The second round of the men’s NCAA Tournament has been just as exciting as the first round, which is saying something considering the bracket-busting upsets of this year’s round of 64.
Following several huge upsets in the first day of action for the round of 32 (Loyola bouncing No. 1 Illinois, Oral Roberts knocking out Florida), the second day is off to the races. Oregon took down No. 2 seeded Iowa, as the Big Ten continues to struggle.
It’s the madness of March.
Which teams will be Sweet 16-bound and which ones will be leaving Indianapolis? A look at the winners and losers from Monday’s eight games:
College basketball fans. Think this year’s March Madness has been overboard on upsets? It’s not the year off due to last year’s cancellation that’s causing us to ponder. 2021 has been epic compared to previous tournaments. According to the NCAA, Oregon’s win over Iowa marked the 12th upset of the tournament (upsets being defined as a win by a team seeded five spots lower than their opponent). The most upsets through the round of 32 was 10 (done eight times) before 2021. The record for the entire tournament is 13 (1985, 2014).
Gonzaga. The Bulldogs flexed their offensive prowess in an 87-71 victory over Oklahoma, with big man Drew Timme (30 points, 13 rebounds) leading the way. While the ‘Zags were impressive in several facets, their defense looked sluggish and they couldn’t stay in front of OU’s Austin Reaves (27 points). That was the first power conference team Gonzaga has faced since December, so if anything it’s a good tune-up for the Sweet 16.
Gonzaga forward Corey Kispert and guard Jalen Suggs high-five at the end of the first half against Oklahoma.
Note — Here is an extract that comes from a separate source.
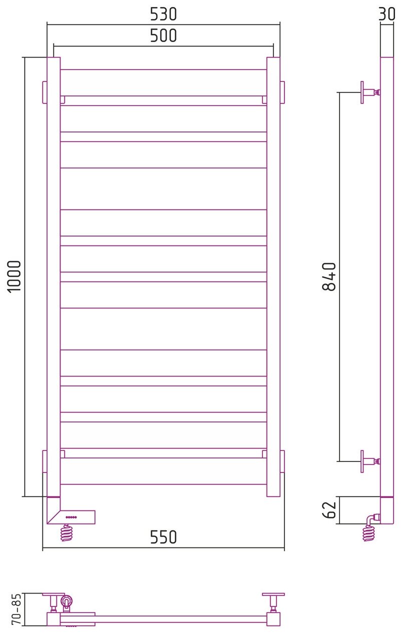 Электрический полотенцесушитель Grois Alias GR-004 500х800 П11 ПТЭН

Oregon. The Ducks (21-6) are outplaying their seed once again under coach Dana Altman. Oregon benefited from not playing in the first round, with Virginia Commonwealth bowing out due to multiple positive COVID-19 tests. They looked fresh in cruising past No. 2 seed Iowa 95-80. The game was so in the Ducks’ favor it didn’t even look like an upset. Chris Duarte led the charge with 23 points and seven assists. Altman is now into his fifth Sweet 16 with Oregon. The Ducks reached the Sweet 16 last as a No. 12 seed in 2019. They were in the 2017 Final Four and 2016 Elite Eight.
Iowa. Big man Luka Garza’s emotions said it all – as tears flowed for the All-American’s last game as a Hawkeye. Iowa (22-9) had a team that was poised to get to the Elite Eight (or Final Four if Gonzaga wasn’t on that side of the bracket). Garza was the centerpiece and coach Fran McCaffery had an arsenal of guards that fed off him. But No. 7 seeded Oregon looked superior on the day and the Ducks’ athleticism and grit seemed to take the Hawkeyes out of contention in the second half.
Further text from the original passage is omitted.